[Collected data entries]
##########

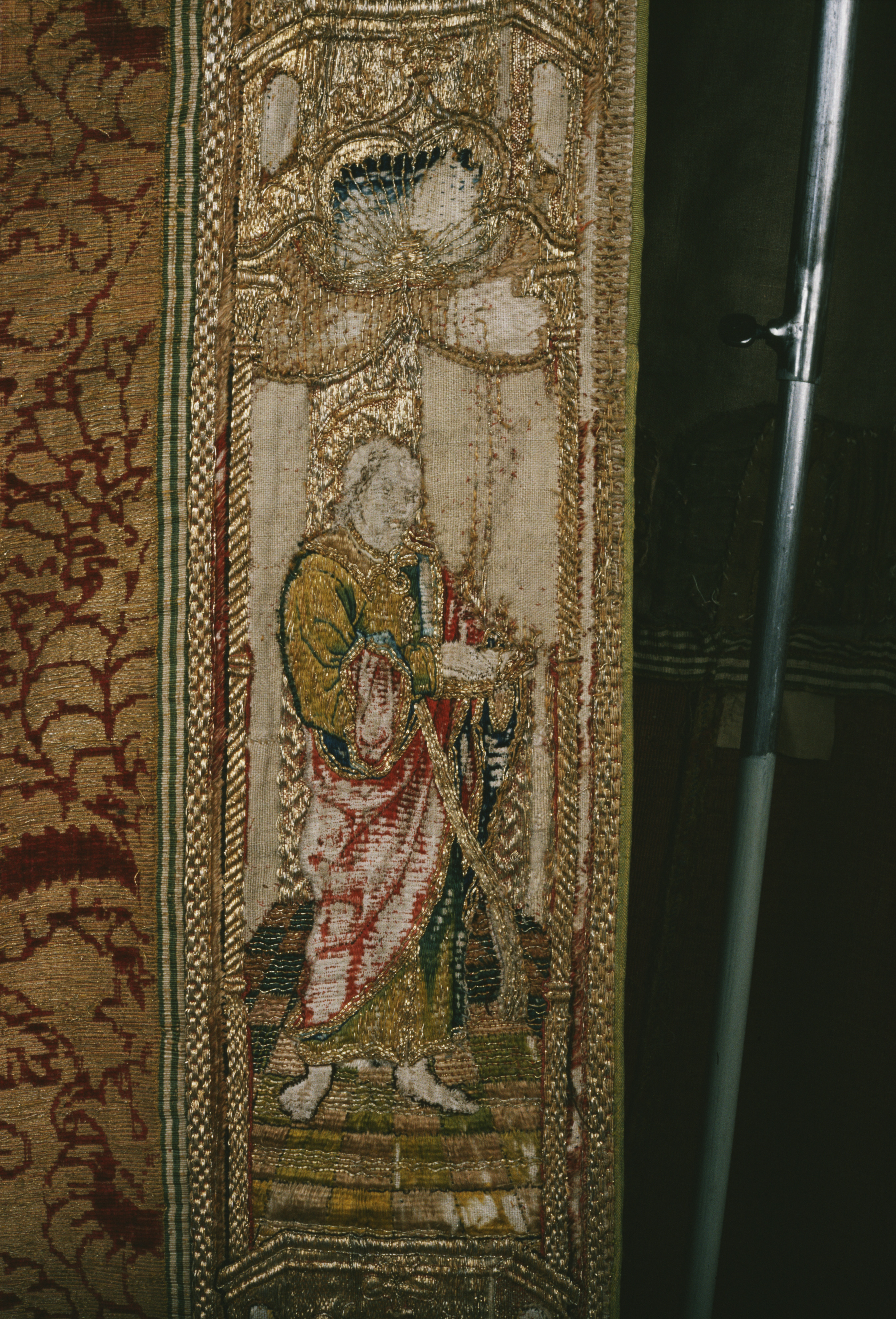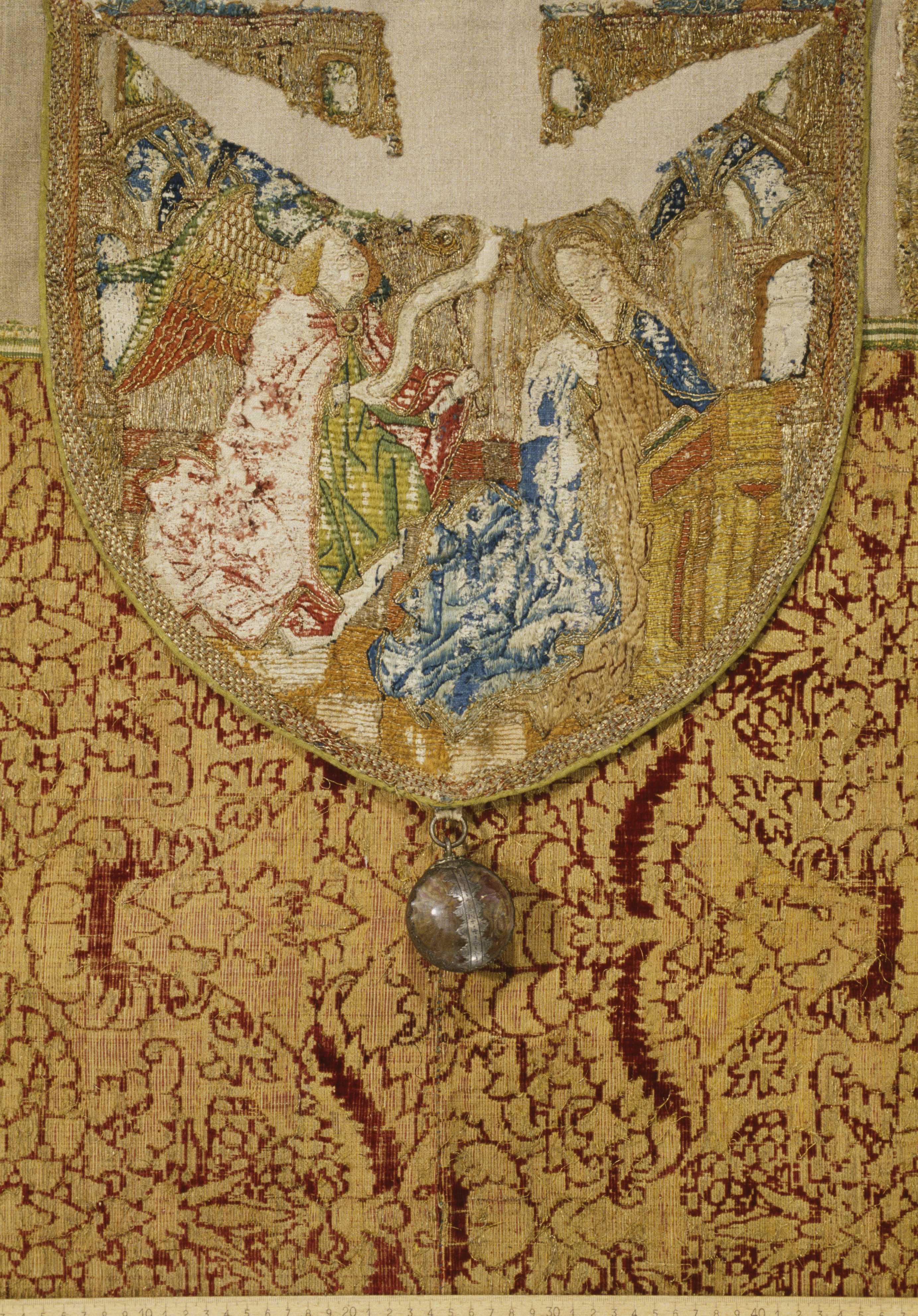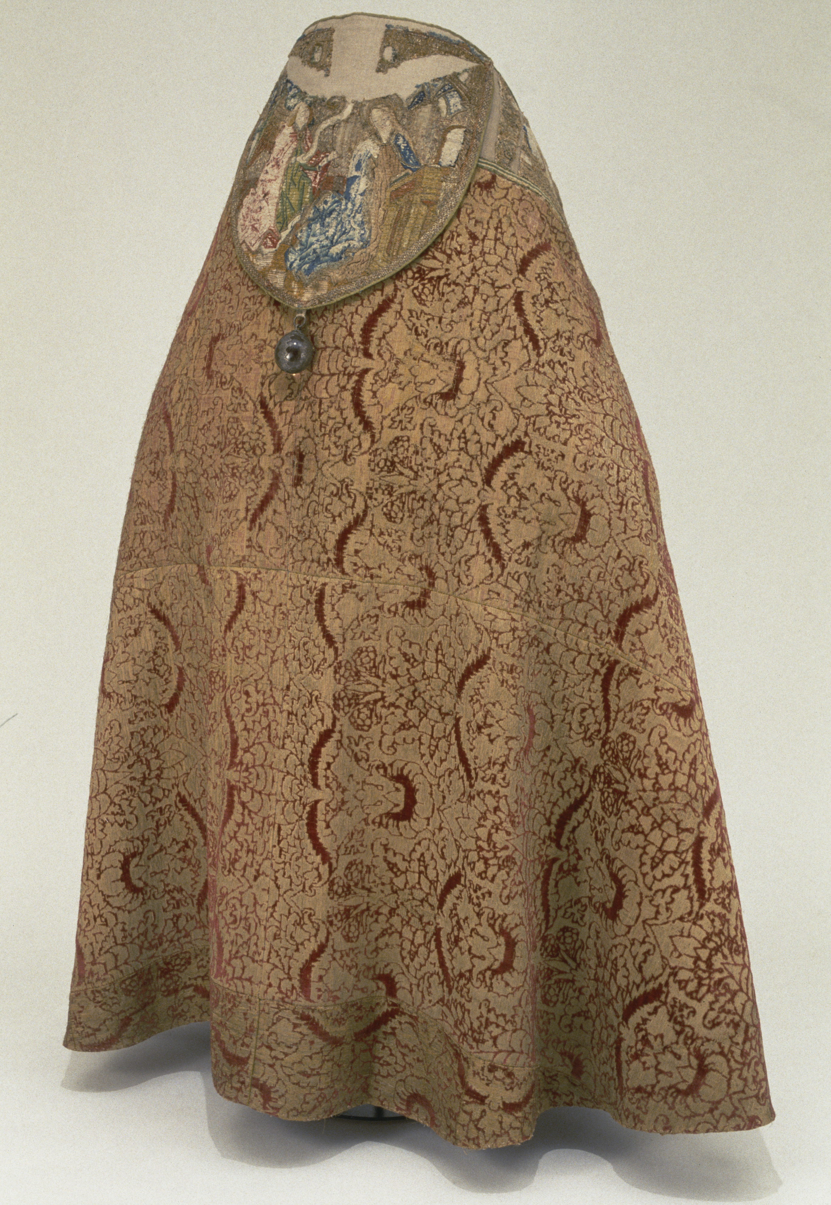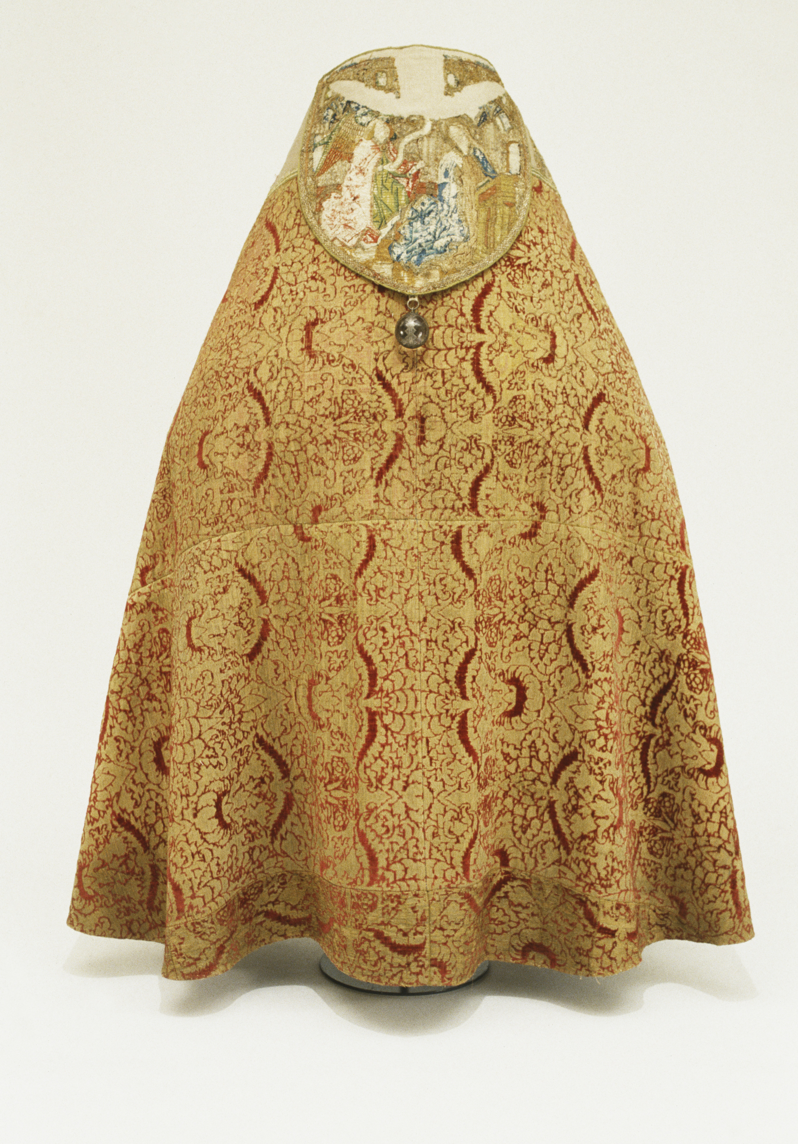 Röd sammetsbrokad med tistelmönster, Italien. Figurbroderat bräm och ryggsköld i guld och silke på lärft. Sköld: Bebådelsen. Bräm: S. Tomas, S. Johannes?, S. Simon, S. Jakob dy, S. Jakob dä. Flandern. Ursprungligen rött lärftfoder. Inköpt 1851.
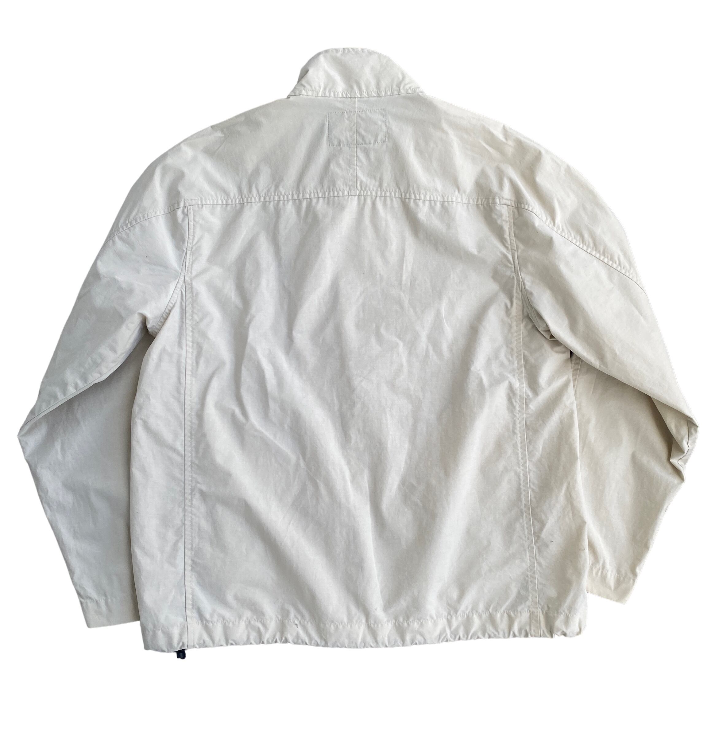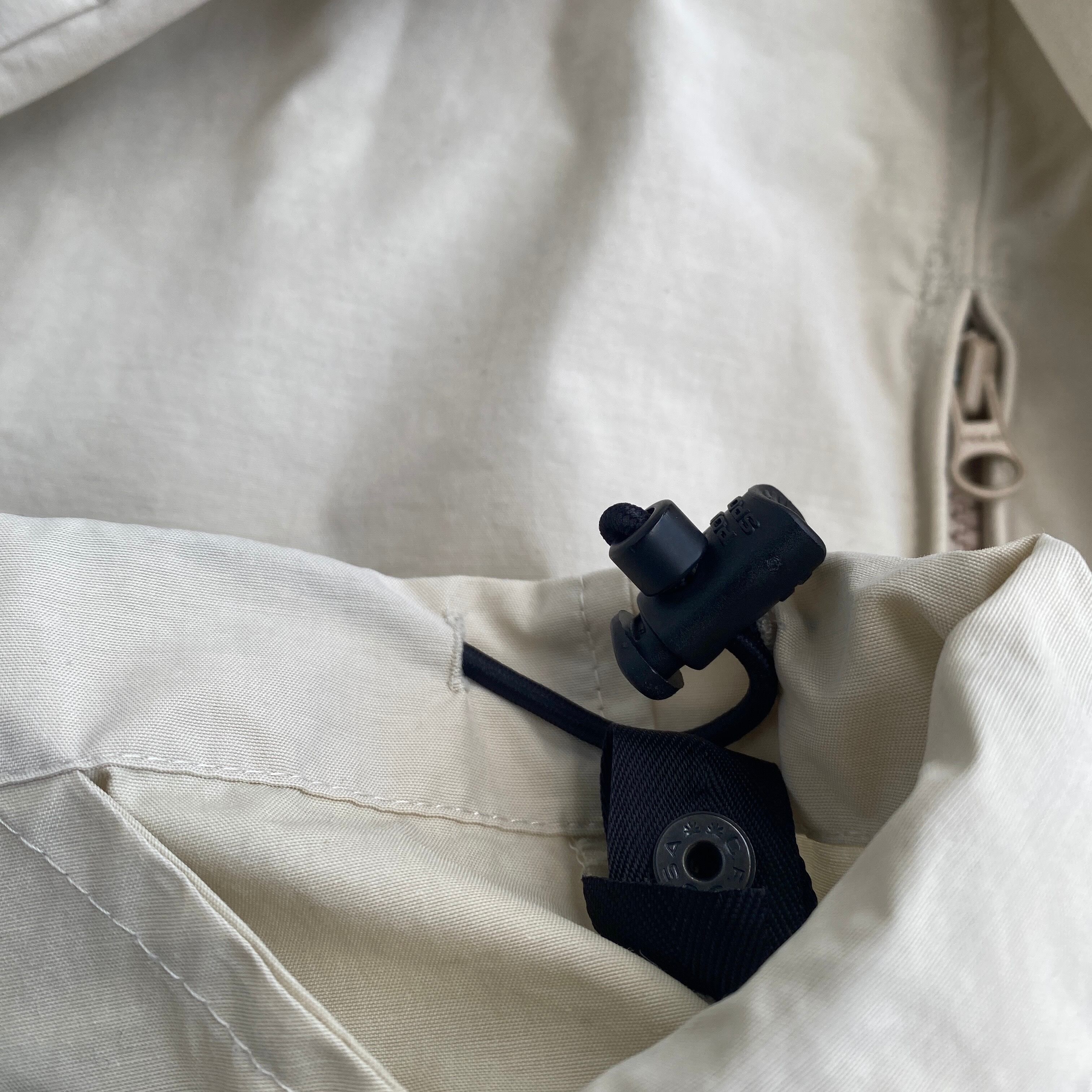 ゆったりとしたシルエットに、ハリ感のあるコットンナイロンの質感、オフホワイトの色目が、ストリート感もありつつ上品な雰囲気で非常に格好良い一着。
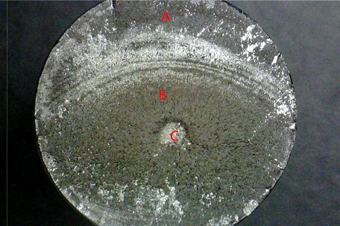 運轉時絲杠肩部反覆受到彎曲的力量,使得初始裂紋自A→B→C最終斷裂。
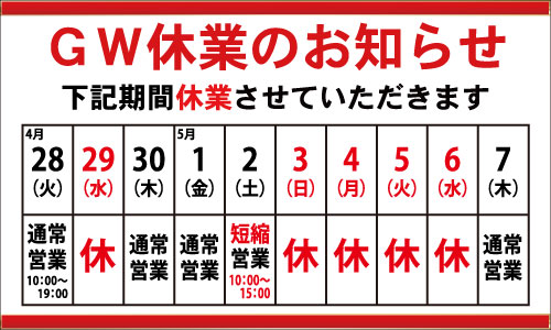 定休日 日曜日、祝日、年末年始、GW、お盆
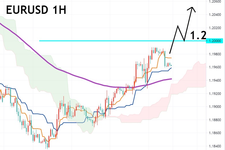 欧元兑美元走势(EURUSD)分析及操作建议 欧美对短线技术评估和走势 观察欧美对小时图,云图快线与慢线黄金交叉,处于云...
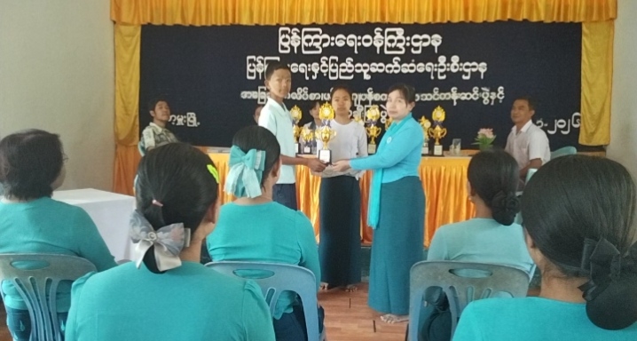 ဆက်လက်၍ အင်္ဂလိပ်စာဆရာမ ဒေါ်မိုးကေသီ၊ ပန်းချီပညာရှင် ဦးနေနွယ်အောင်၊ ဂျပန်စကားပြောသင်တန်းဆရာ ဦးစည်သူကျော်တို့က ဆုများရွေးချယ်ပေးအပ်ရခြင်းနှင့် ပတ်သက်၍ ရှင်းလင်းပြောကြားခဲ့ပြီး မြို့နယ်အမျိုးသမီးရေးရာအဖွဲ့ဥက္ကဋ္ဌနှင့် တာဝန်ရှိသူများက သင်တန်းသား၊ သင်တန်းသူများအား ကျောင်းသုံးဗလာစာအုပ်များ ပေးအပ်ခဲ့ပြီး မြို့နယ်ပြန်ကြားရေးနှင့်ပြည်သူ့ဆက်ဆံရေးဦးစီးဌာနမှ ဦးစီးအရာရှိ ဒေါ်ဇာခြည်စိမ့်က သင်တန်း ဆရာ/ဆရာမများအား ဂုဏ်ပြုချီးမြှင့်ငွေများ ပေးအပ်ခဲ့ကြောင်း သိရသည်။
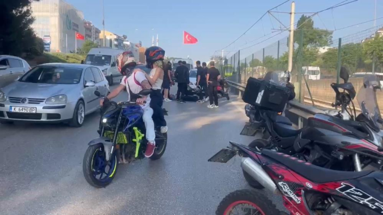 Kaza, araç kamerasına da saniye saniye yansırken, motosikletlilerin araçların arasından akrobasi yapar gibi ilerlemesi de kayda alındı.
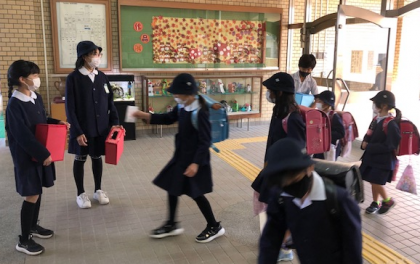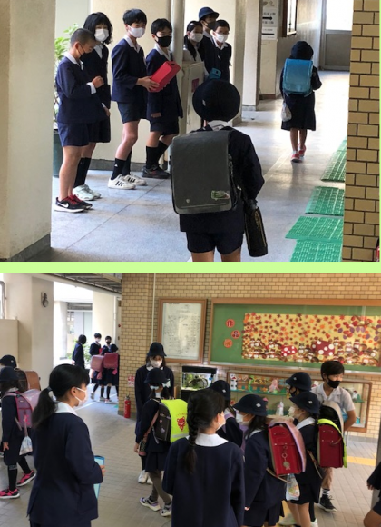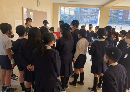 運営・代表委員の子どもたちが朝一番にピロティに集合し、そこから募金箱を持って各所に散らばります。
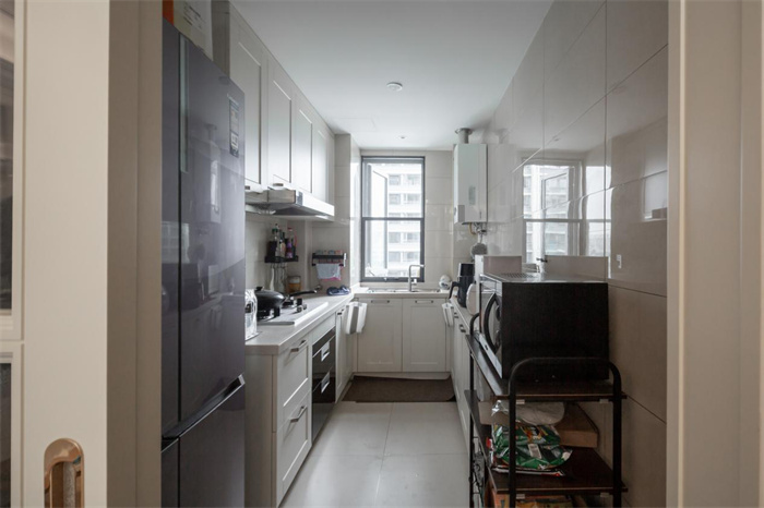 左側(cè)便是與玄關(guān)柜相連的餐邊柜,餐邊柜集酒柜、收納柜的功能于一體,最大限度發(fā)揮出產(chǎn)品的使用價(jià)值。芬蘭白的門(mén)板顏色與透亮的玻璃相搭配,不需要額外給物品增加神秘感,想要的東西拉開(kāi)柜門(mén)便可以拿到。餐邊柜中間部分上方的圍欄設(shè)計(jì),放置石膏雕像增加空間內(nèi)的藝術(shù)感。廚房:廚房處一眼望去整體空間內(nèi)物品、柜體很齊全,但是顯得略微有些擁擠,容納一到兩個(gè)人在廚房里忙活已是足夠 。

##########

* _Directions for this task_
Nothing but the records above, exact and without pictures, should appear in the answer.

* _Result of this task_
 Röd sammetsbrokad med tistelmönster, Italien. Figurbroderat bräm och ryggsköld i guld och silke på lärft. Sköld: Bebådelsen. Bräm: S. Tomas, S. Johannes?, S. Simon, S. Jakob dy, S. Jakob dä. Flandern. Ursprungligen rött lärftfoder. Inköpt 1851.
 ゆったりとしたシルエットに、ハリ感のあるコットンナイロンの質感、オフホワイトの色目が、ストリート感もありつつ上品な雰囲気で非常に格好良い一着。
 運轉時絲杠肩部反覆受到彎曲的力量,使得初始裂紋自A→B→C最終斷裂。
 定休日 日曜日、祝日、年末年始、GW、お盆
 欧元兑美元走势(EURUSD)分析及操作建议 欧美对短线技术评估和走势 观察欧美对小时图,云图快线与慢线黄金交叉,处于云...
 ဆက်လက်၍ အင်္ဂလိပ်စာဆရာမ ဒေါ်မိုးကေသီ၊ ပန်းချီပညာရှင် ဦးနေနွယ်အောင်၊ ဂျပန်စကားပြောသင်တန်းဆရာ ဦးစည်သူကျော်တို့က ဆုများရွေးချယ်ပေးအပ်ရခြင်းနှင့် ပတ်သက်၍ ရှင်းလင်းပြောကြားခဲ့ပြီး မြို့နယ်အမျိုးသမီးရေးရာအဖွဲ့ဥက္ကဋ္ဌနှင့် တာဝန်ရှိသူများက သင်တန်းသား၊ သင်တန်းသူများအား ကျောင်းသုံးဗလာစာအုပ်များ ပေးအပ်ခဲ့ပြီး မြို့နယ်ပြန်ကြားရေးနှင့်ပြည်သူ့ဆက်ဆံရေးဦးစီးဌာနမှ ဦးစီးအရာရှိ ဒေါ်ဇာခြည်စိမ့်က သင်တန်း ဆရာ/ဆရာမများအား ဂုဏ်ပြုချီးမြှင့်ငွေများ ပေးအပ်ခဲ့ကြောင်း သိရသည်။
 Kaza, araç kamerasına da saniye saniye yansırken, motosikletlilerin araçların arasından akrobasi yapar gibi ilerlemesi de kayda alındı.
 運営・代表委員の子どもたちが朝一番にピロティに集合し、そこから募金箱を持って各所に散らばります。
 左側(cè)便是與玄關(guān)柜相連的餐邊柜,餐邊柜集酒柜、收納柜的功能于一體,最大限度發(fā)揮出產(chǎn)品的使用價(jià)值。芬蘭白的門(mén)板顏色與透亮的玻璃相搭配,不需要額外給物品增加神秘感,想要的東西拉開(kāi)柜門(mén)便可以拿到。餐邊柜中間部分上方的圍欄設(shè)計(jì),放置石膏雕像增加空間內(nèi)的藝術(shù)感。廚房:廚房處一眼望去整體空間內(nèi)物品、柜體很齊全,但是顯得略微有些擁擠,容納一到兩個(gè)人在廚房里忙活已是足夠 。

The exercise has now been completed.